# Task description:
Drop the images, then output the listing exactly.

[Opening Data section]

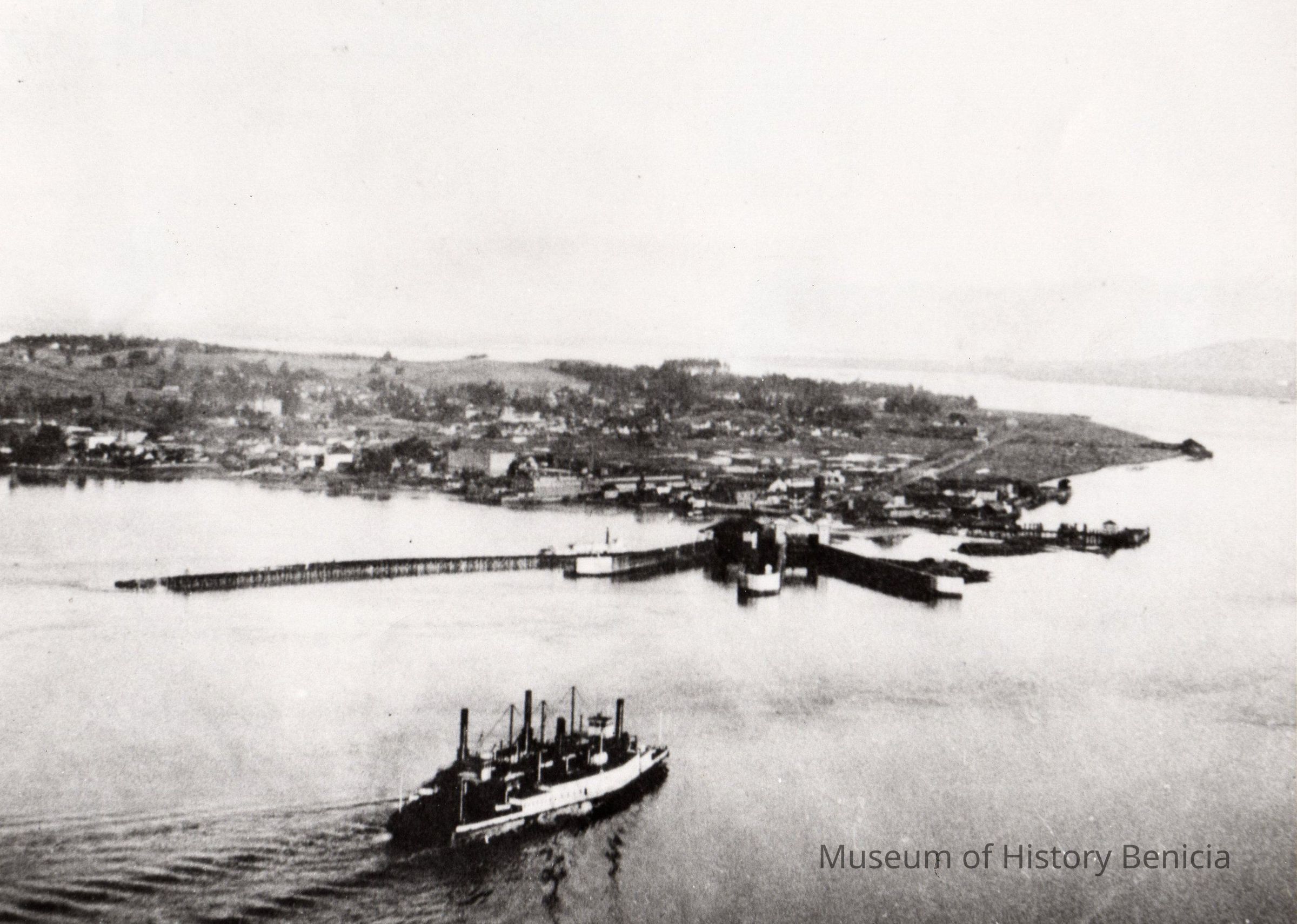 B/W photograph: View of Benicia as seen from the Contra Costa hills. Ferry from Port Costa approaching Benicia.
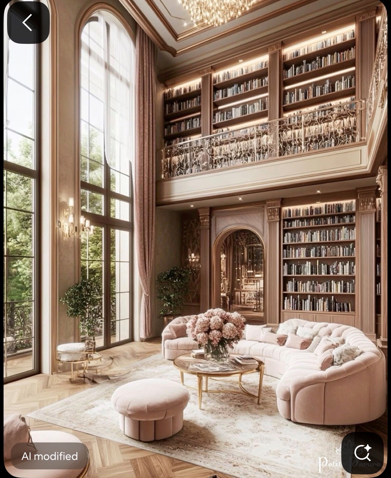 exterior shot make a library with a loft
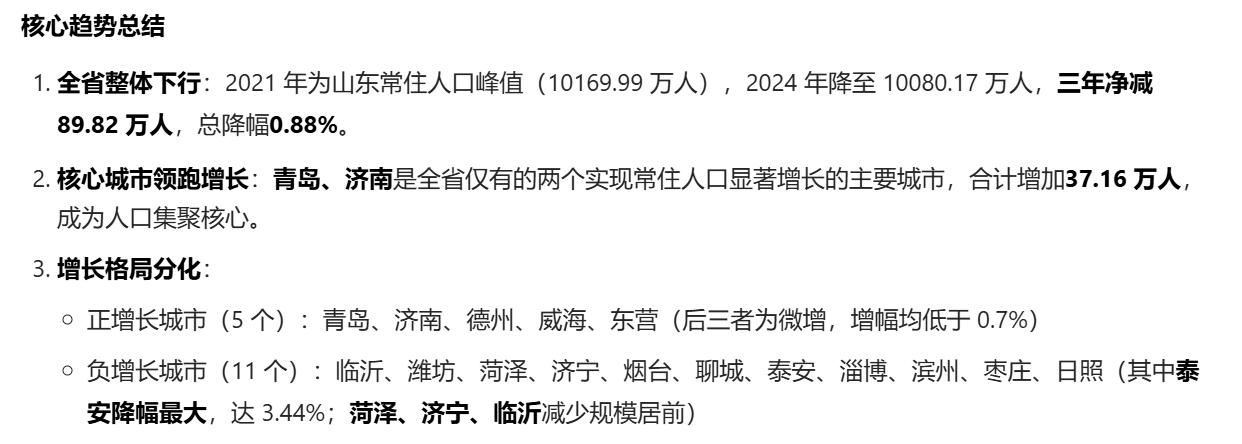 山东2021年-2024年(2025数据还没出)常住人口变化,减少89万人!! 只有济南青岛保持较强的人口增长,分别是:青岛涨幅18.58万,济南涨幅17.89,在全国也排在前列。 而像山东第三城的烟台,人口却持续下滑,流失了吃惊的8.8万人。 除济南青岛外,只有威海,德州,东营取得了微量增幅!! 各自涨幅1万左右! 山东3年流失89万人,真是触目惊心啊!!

[Closing Data section]

# Solution to this problem:
 B/W photograph: View of Benicia as seen from the Contra Costa hills. Ferry from Port Costa approaching Benicia.
 exterior shot make a library with a loft
 山东2021年-2024年(2025数据还没出)常住人口变化,减少89万人!! 只有济南青岛保持较强的人口增长,分别是:青岛涨幅18.58万,济南涨幅17.89,在全国也排在前列。 而像山东第三城的烟台,人口却持续下滑,流失了吃惊的8.8万人。 除济南青岛外,只有威海,德州,东营取得了微量增幅!! 各自涨幅1万左右! 山东3年流失89万人,真是触目惊心啊!!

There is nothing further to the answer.